Assignment.
A faithful copy is needed of the lines below from the one with "厨房下水道排水管二合一洗衣机下水管三头通下水道防臭防漏接头面" up to and including the one with "This dynamic monster"; set it down with no pictures and no other lines.

Provided entries.
========================================

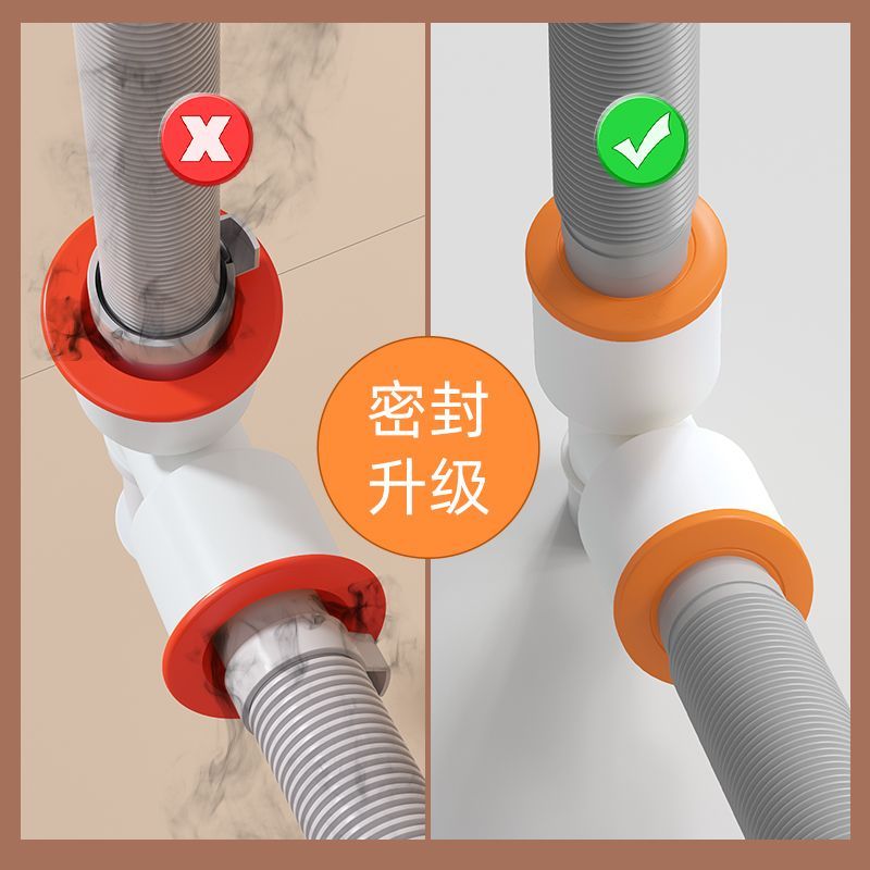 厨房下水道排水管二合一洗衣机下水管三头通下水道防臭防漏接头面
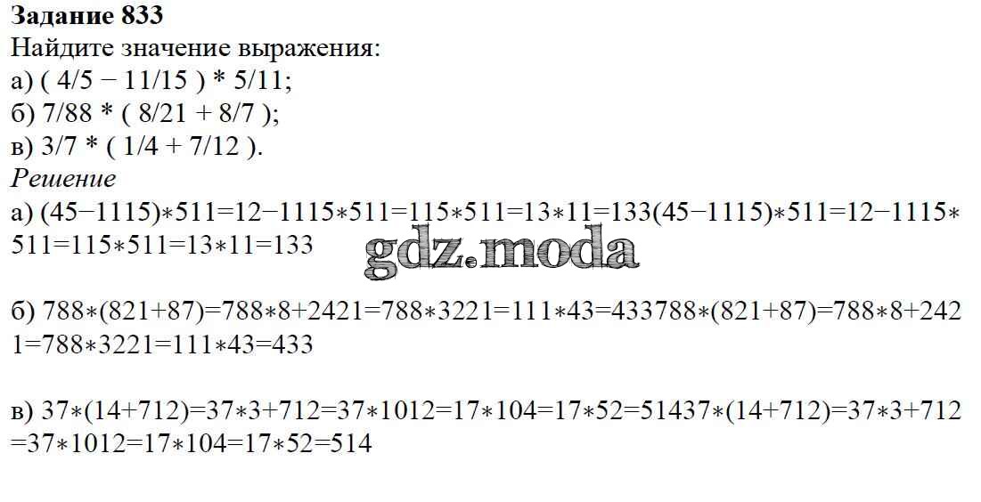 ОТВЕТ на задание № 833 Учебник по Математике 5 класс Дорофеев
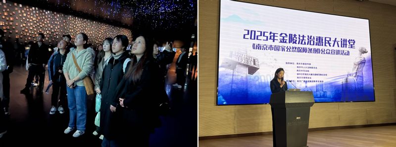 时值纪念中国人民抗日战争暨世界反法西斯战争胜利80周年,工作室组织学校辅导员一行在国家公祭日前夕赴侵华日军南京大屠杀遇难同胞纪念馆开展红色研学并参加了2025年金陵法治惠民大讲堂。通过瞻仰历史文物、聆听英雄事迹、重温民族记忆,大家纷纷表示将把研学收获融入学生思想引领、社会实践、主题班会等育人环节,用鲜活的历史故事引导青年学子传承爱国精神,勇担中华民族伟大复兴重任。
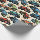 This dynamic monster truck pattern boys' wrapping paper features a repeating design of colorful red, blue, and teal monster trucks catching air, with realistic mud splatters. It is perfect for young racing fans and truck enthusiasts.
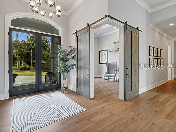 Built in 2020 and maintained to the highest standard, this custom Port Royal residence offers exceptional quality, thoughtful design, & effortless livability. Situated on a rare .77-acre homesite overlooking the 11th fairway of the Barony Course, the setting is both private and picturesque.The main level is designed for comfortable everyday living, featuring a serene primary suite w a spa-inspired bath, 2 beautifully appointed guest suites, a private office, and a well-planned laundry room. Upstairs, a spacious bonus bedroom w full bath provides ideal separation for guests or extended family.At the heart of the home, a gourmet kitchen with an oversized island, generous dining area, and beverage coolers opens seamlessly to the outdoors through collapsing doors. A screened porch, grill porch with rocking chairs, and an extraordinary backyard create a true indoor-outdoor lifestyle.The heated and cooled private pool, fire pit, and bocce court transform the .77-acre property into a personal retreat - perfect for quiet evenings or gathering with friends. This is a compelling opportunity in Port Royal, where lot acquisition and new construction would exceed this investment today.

========================================

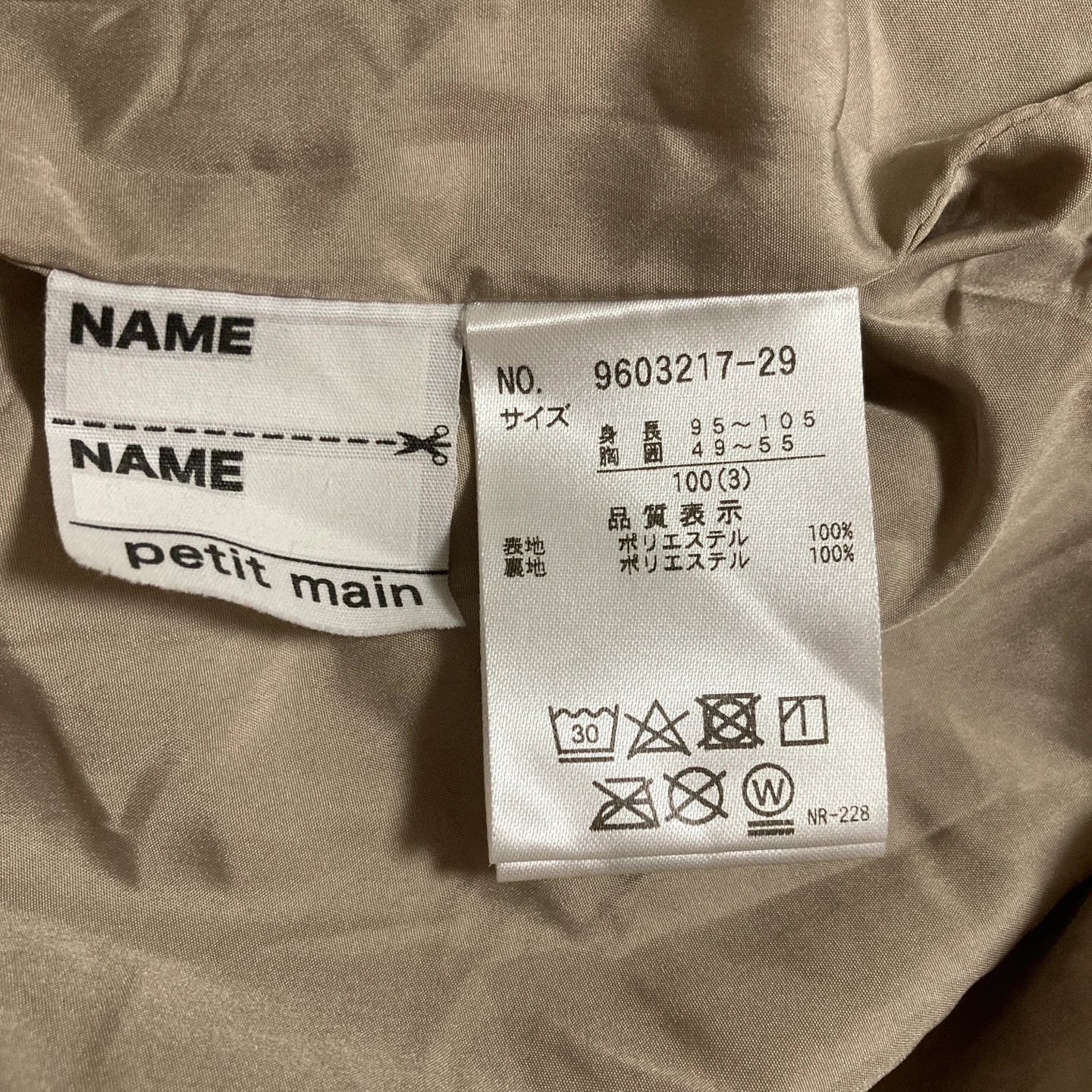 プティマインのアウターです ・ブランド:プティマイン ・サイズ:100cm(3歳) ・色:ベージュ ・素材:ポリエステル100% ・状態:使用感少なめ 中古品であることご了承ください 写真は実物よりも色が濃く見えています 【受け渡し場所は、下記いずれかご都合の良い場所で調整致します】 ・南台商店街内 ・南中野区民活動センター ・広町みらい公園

========================================

Written solution.
 厨房下水道排水管二合一洗衣机下水管三头通下水道防臭防漏接头面
 ОТВЕТ на задание № 833 Учебник по Математике 5 класс Дорофеев
 时值纪念中国人民抗日战争暨世界反法西斯战争胜利80周年,工作室组织学校辅导员一行在国家公祭日前夕赴侵华日军南京大屠杀遇难同胞纪念馆开展红色研学并参加了2025年金陵法治惠民大讲堂。通过瞻仰历史文物、聆听英雄事迹、重温民族记忆,大家纷纷表示将把研学收获融入学生思想引领、社会实践、主题班会等育人环节,用鲜活的历史故事引导青年学子传承爱国精神,勇担中华民族伟大复兴重任。
 This dynamic monster truck pattern boys' wrapping paper features a repeating design of colorful red, blue, and teal monster trucks catching air, with realistic mud splatters. It is perfect for young racing fans and truck enthusiasts.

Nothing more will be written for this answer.